Once, when our first daughter was a few months old, I
strapped her into my carrier and took her on a walk to our local Starbucks. In
line, I said hello to Ed, an 80-something regular who I’d seen on a weekly
basis over the past year (as a writer, my Starbucks is also my office). Gazing
at the snoozing babe drooling onto my chest, his eyebrows hiked up in surprise.
“You have a baby?” he asked. “I never even realized you were pregnant.”
No, Ed doesn’t have cataracts. And that wasn’t the first
time I’d heard such a statement of incredulity. During Month 6, it was jokey
comments like, “You look like me after a big lunch.” Month 7 was, “Are you sure
there’s a baby in there?” Month 8 brought, “Maybe you’re not eating enough.”
True, I didn’t get stretch marks. And I saved a boatload on
maternity clothes. And postpartum bounce-back was a breeze. I’m not gonna sit
here and cry, “Poor me, I didn’t gain a lot of weight while I was pregnant.”
But the truth is, the amount and manner in which I gained had little to do with
what I ate and a lot to do with genetics. I’m 5'11", so our daughter had ample
acreage to stretch. She simply stretched up and down instead of out. Also, a
nurse in college once told me I have a tipped uterus, which I’m guessing means
it hangs out closer to my spine than my belly button. Again, I can take zero
credit for either.
The reason it sucked, though, isn’t because I had been
crossing my fingers for swollen fingers and stretch marks; it’s because, after
two years of struggling with infertility, I was so excited to rock a bump—and, sure, to bathe in the attention typically showered on preggos. I wanted
strangers to offer me their seat on the subway. I wanted long-lost acquaintances
to greet me with, “I didn’t know you were pregnant! Congratulations!” Instead,
with my nine-month belly hidden beneath my down coat in the dead of a brutal
Chicago winter, I stood in slushy boots on the subway and was greeted with,
“You don’t look pregnant. Is the baby healthy?”
You don’t need to gain a ton of weight to have a healthy baby!
So—and I can’t believe I’m about to write this sentence—I can relate a bit to Sarah Stage, the 30-year-old lingerie model who’s been
documenting her pregnancy on Instagram, revealing an eight-month bump that many
women snarkily claim resembles themselves after hitting up Chipotle for
dinner.

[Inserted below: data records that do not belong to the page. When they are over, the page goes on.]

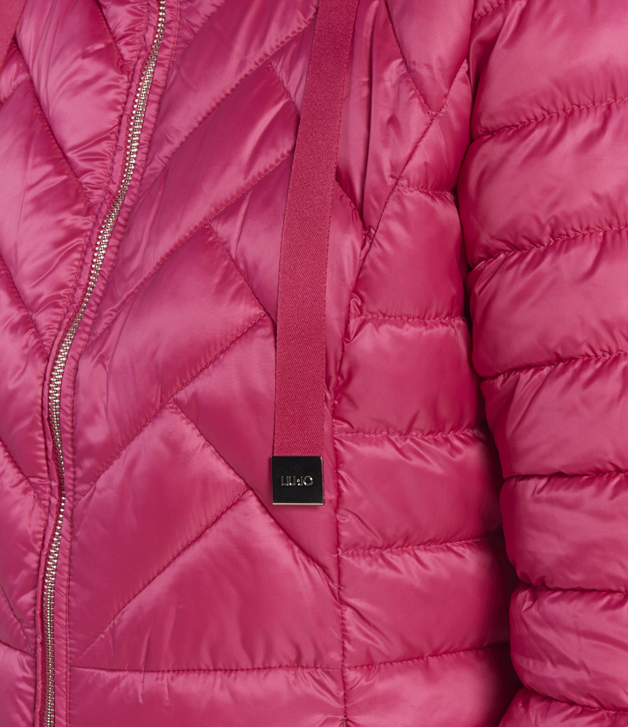 Piumino corto da donna Liu Jo Sport dal design moderno e femminile, realizzato in tessuto tecnico lucido color rosa. Presenta trapuntatura a righe orizzontali con motivo a punta sul petto, chiusura frontale con zip metallica e pratico cappuccio con coulisse impreziosita da finalini logati. L’interno è foderato in poliammide per assicurare comfort e leggerezza, mentre l’imbottitura in poliestere garantisce un piacevole calore senza appesantire la figura.
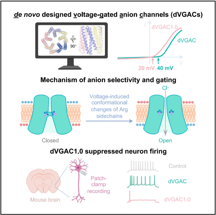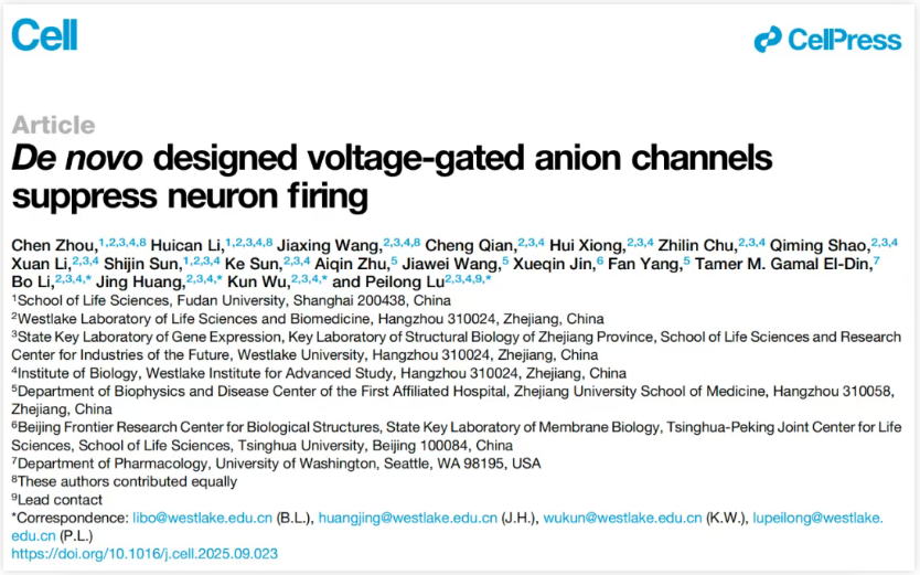 2025 年 10 月 16 日,西湖大學(xué)生命科學(xué)學(xué)院盧培龍團(tuán)隊(duì)(盧培龍?jiān)?nbsp;David Baker 實(shí)驗(yàn)室進(jìn)行博士后研究)等,在 Cell 期刊發(fā)表題為:De novo designed voltage-gated anion channels suppress neuron firing 的研究論文。
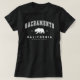 Black Sacramento Women's T-Shirt med grizzly björn och böjd text i ett slab font stil. Den här t-Shirt är underbar om du är från Sacramento eller till ge som en souvenir-gåva till någon som kommer att tycka om den.

No, I’m nothing close to a lingerie model. But when I look at her, I
don’t see a mom-to-be who’s starving herself or somehow endangering her unborn
child. I just see a genetically fortunate woman (with a bod to kill for, in her
case) who isn’t showing a lot.
I’ll also add that—in Stage’s defense—she has what appears
to be a serious six-pack and a serious dedication to weight training, which
perhaps has reined her bump in a bit more than usual. Maybe those muscles are
acting sort of like a corset, cinching in her waist and inspiring a torrent of
backlash in the process.
“You don’t need to gain a ton of weight to have a healthy
baby!” That’s what my ob-gyn consistently reassured me throughout my pregnancy.
True, the scale wasn’t approaching the typical 25-35 sweet spot. But at each of
my monthly (and eventually weekly) checkups, as I lay back to have my fundal
height measured, my belly in centimeters consistently matched my pregnancy in
weeks. Our daughter’s heartbeat was
always regular and strong. My diet—I adopted an “Eating for 1.4’” mentality
versus “Eating for two”—was on point and I was able to maintain my normal,
fairly hardcore exercise routine. Baby grew just as she was supposed to. It’s
just that as soon as I stood back up to get dressed, she kind of disappeared
back inside me.
So yeah, I didn’t gain a lot of weight with number one. I
didn’t “look pregnant” until the very end. Before you bash me, though, take solace
in the fact that my legs grew road-mapped with spider veins and bladder issues
sent me to a gynecologic physical therapist every week of my third trimester.
Baby turned breech at 37 weeks, necessitating a C-section. So it wasn’t a total
I understand that by broadcasting her sultry pregnancy
photos on social media, Stage is opening herself up to public critique. But
rather than attack her, accuse her of fat-shaming “normal” pregnant women
(which I truly don’t think she’s doing) or, even worse, of endangering her
unborn child, let’s just realize she simply hit the genetic lottery and move
on. In other words, don’t hate the player; hate her frame.